Mamy nadzieję, że uda nam się w tym roku odprawić Mszę św. w budowanym właśnie kościele. Jeśli tak, to wówczas, wspólną modlitwą przy Pańskim Stole uczcimy 30. rocznicę odprawienia w Lombard polskiej Mszy św. - mówi ks. Adam Bobola, proboszcz polskiem Misji Pastoralnej pw. Miłosierdzia Bożego w Lombard. - Jednocześnie jesienią tego roku będziemy obchodzić 10-lecie istnienia naszej misji. Będą więc w tym roku jakby trzy święta: „okrągła“ rocznica odprawiania Mszy św. po polsku, rocznica utworzenia polskiej misji oraz pierwsza Msza św. w nowo konsegrowanym kościele.
Przypomnijmy, że jesienią 1977 r., po raz pierwszy w miejscowości Lombard odprawione zostało polskie nabożeństwo. Dopiero 20 lat później, w 1997 r., ówczesny biskup dekretem stworzył tu polską misję pastoralną, do której należało zaledwie kilkadziesiąt polskich rodzin. Dziś do parafii w Lombard należy ich prawie 900.
- Sama sprawa budowy świątyni nie jest jakby nagłym i nowym pomysłem związanym z pojawiemiem się w tej okolicy, na przedmieściach Chicago, Chrystusowców - wyjaśnia Ksiądz Proboszcz. - Pragnienie posiadania świątyni było w ludziach od dawna.
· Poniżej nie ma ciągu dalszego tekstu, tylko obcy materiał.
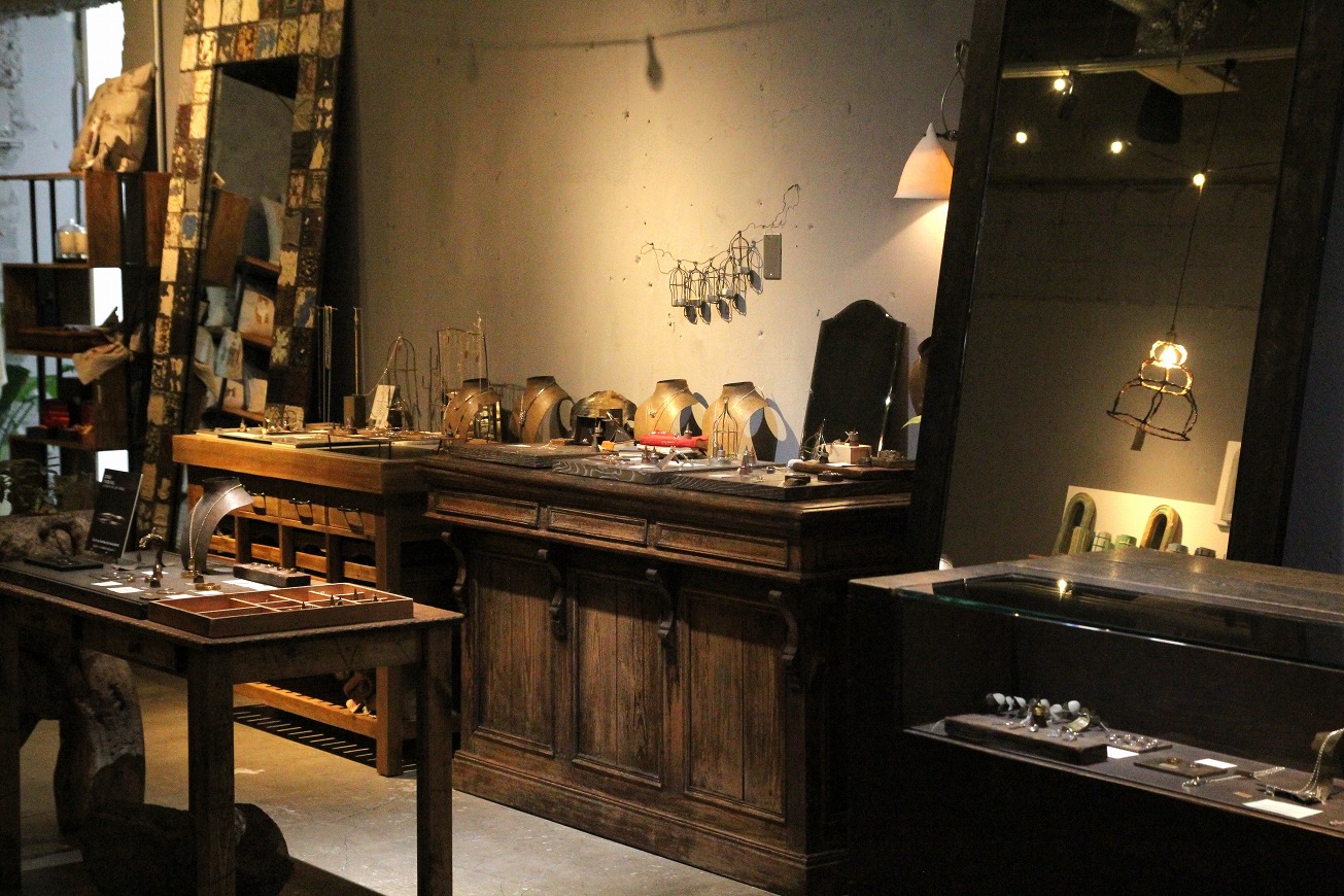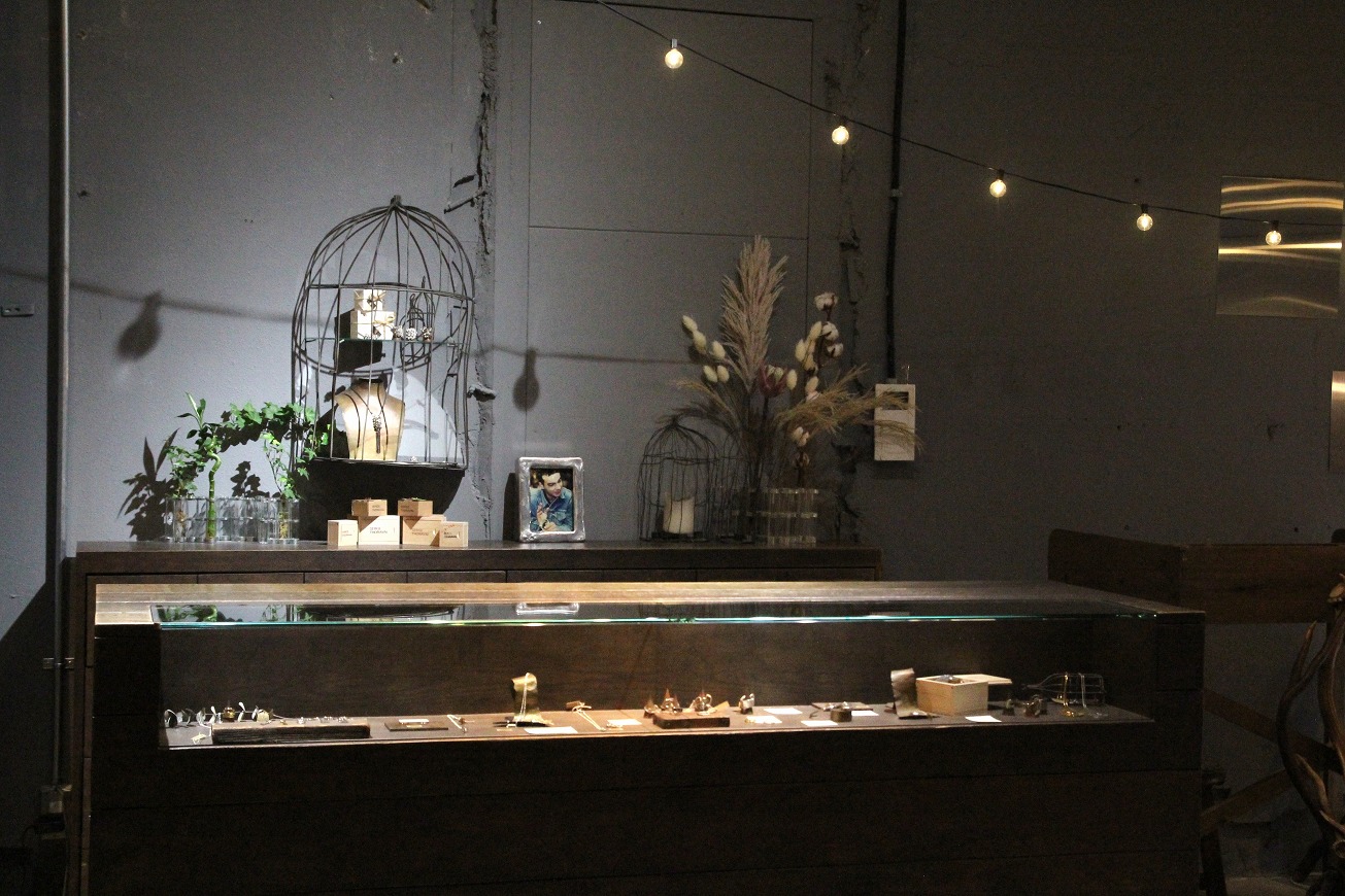 雰囲気のある入口の先には綺麗にディスプレイされたSERGE THORAVALのアクセサリーと、併設されるCAFE CAVE、イベントスペースと開放的な空間が広がっています。

Wówczas jednakże nie było funduszy, wystarczającej liczby rodzin, ani też podstawy prawnej. Dziś projekt ten popiera nie tylko nasz lokalny biskup, ale także i zgromadzenie. Fudusze… oczywiście wciąż są potrzebne.
Myśl o konieczności posiadania nowego kościoła zrodziła się już 10 lat temu, kiedy proboszczem był ks. Janusz Zych. Później w 2000 r. zakupiony został grunt, postawiono pierwsze kroki potrzebne do rozpoczęcia budowy. Dziś, to co widać, ten wspaniale wznoszony gmach świątyni, to efekt wszystkich wcześniejszych działań i wielkie zaangażowanie parafian i Zgromadzenia Chrystusowców. Przypomnieć tu trzeba, że w Lombard Zgromadzenie Chrystusowców jest w posiadaniu 10 akrów ziemi, na których budowana jest właśnie świątynia. Kościół bezwzględnie potrzebny jest lokalnej wspólnocie.
- Kiedy pojawiłem się tu cztery lata temu, do parafii należało zaledwie 300 polskich rodzin - wspomna ks. Andrzej. - Dziś zarejestrowanych mamy ich prawie 900. To najlepszy dowód, jak bardzo nasza parafia się rozwija. Innym wskaźnikiem bardzo dynamicznego rozwoju parafii jest ilość udzielanych sakramentów chrztu - tylko w 2006 r. było ich ponad 100.
Budowa kościoła, a raczej jej zakończenie, oznaczać będzie dla setek Polaków koniec „tułaczki“. Koniec odprawiania nabożeństw i Mszy św. w salach gimnastycznych i innych pomieszczeniach zupełnie do tego niedostosowanych.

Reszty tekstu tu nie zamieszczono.